MÉXICO (The New York Times).- Durante mucho tiempo circunscrita a lo largo de la frontera Norte, la guerra contra las drogas en México se está intensificando en zonas del Centro y del Sureste que antes se pensaba libres de la carnicería, lo cual amplía un conflicto que de suyo ya abruma a las autoridades y desalienta a la sociedad, de acuerdo con analistas y nuevas cifras oficiales.
La semana pasada, dos cuerpos decapitados fueron hallados en una camioneta quemada cerca de la entrada de uno de los centros comerciales más grandes y lujosos de esta capital, considerada como refugio de las atrocidades que asuelan a otras ciudades.
Otras dos ciudades que hasta hace seis meses eran consideradas seguras -Guadalajara y Veracruz- han registrado episodios de brutalidad: el año pasado fueron dejados 26 cadáveres en el corazón de Guadalajara, en vísperas de la más prestigiada feria de libros de Iberoamérica; y el mes pasado toda la fuerza policíaca de Veracruz fue cesada, luego de que autoridades estatales determinaron que era demasiado corrupta para patrullar una ciudad donde fueron arrojados 35 cadáveres en céntrica vía.
La propagación de la violencia, que se atribuye en parte a una intensificación de la guerra territorial entre las dos mayores bandas criminales del país, tiene implicaciones de uno y otro lado de la frontera, y eleva la presión sobre las autoridades, que luchan por mostrar que sus estrategias dan resultados.
"La situación se hace cada vez más compleja", afirmó Ricardo Ravelo, periodista mexicano que ha escrito varios libris sobre organizaciones criminales. "Se están estirando los recursos para afrontar esto, y así seguirá".
Autoridades estadounidenses reconocen que aunque la situación es impredecible, hay maneras de ayudar a afrontarla, al poner más énfasis en que, dentro de la Iniciativa Mérida -a la que Washington aporta 1,600 millones de dólares-, este año se reforzará el entrenamiento y la asesoría a las policías locales e instituciones judiciales, en lugar de destacar la entrega de helicópteros y otros equipos.
En un año en el que el partido del presidente Felipe Calderón Hinojosa podría pasar apuros por mantenerse en el poder en las elecciones de julio, la creciente violencia da mucho fuelle a los políticos rivales, todos los cuales prometen un país más tranquilo.

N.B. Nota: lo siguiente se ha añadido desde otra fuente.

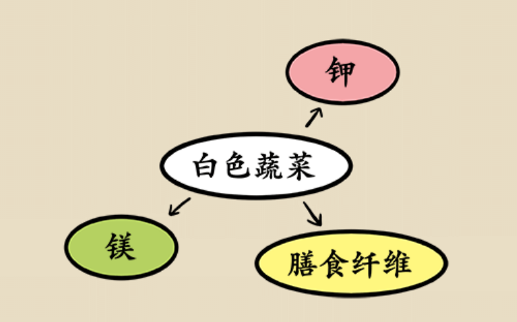 白色蔬菜不含色素,但富含膳食纤维及钾、镁等微量元素,可提高免疫力、保护心脏、调节视觉、安定情绪,而且对高血压和心肌病也有益处。
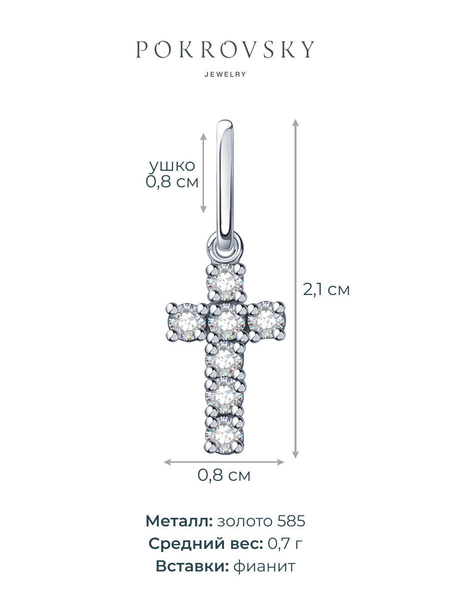Подвеска крестик серебряный 925 с фианитами 0800062-00775

Estadísticas oficiales dadas a conocer la semana pasada muestran un aumento en las muertes relacionadas con el crimen organizado en el Estado de México, que rodea a la capital y es el más poblado del país. Las cifras muestran que en los primeros nueve meses del año pasado la violencia afectó a 831 comunidades, un aumento de 7%.Algunos analistas coinciden en que la violencia se está extendiendo. "Ha habido un cambio de la violencia, alejándose de la frontera y de vuelta a estados del interior", sostuvo David A. Shrik, director del Instituto Trans-Fronterizo de la Universidad de San Diego, California. En cierta forma este cambio, dijo, es un drástico giro de la tendencia hasta hace seis años, cuando explotó la violencia en los estados norteños y migró a lo largo de las rutas del narcotráfico, acelerando una guerra antidrogas que ha dejado más de 47,000 muertos.En respuesta a ese estallido, el gobierno mexicano desplegó al Ejército y la policía federal, logrando el arresto o muerte de dos docenas de líderes de carteles. La violencia perdió impulso en muchas zonas fronterizas, incluida Ciudad Juárez, la más sangrienta, donde han caído los homicidios. Funcionarios mexicanos dicen que esto demuestra que su estrategia está funcionando, pero analistas lo atribuyen más bien a que una banda se impuesto a la otra, lo que reduce la competencia y las masacres que conlleva.En cuanto a la violencia en otras zonas -la sureña Acapulco es hoy la segunda más violenta- también podría reflejar el cambiante mapa de la lucha entre grupos rivales.
La guerra por las drogas se vuelve cada vez una lucha a muerte entre el cartel de Sinaloa y el grupo de "Los Zetas", según opinan Shrik y otros analistas. Un tercer grupo, el cartel del Golfo, permanece bien armado y listo para atacar de vez en cuando.Muchos choques han sido en zonas del centro o del sureste donde antes no habían peleado con tal violencia estas bandas, agregan los analistas. George W. Grayson, veterano analista de México y coautor de un libro sobre "Los Zetas" próximo a publicarse, afirma que este grupo ya se extendió a 17 estados, de 14 el año pasado.Expertos dicen que es poco probable que la ciudad de México, por su tamaño, complejidad y policía mejor entrenada, caiga en los niveles de otras zonas, pero ya hay señales de alarma de que la violencia se acerca.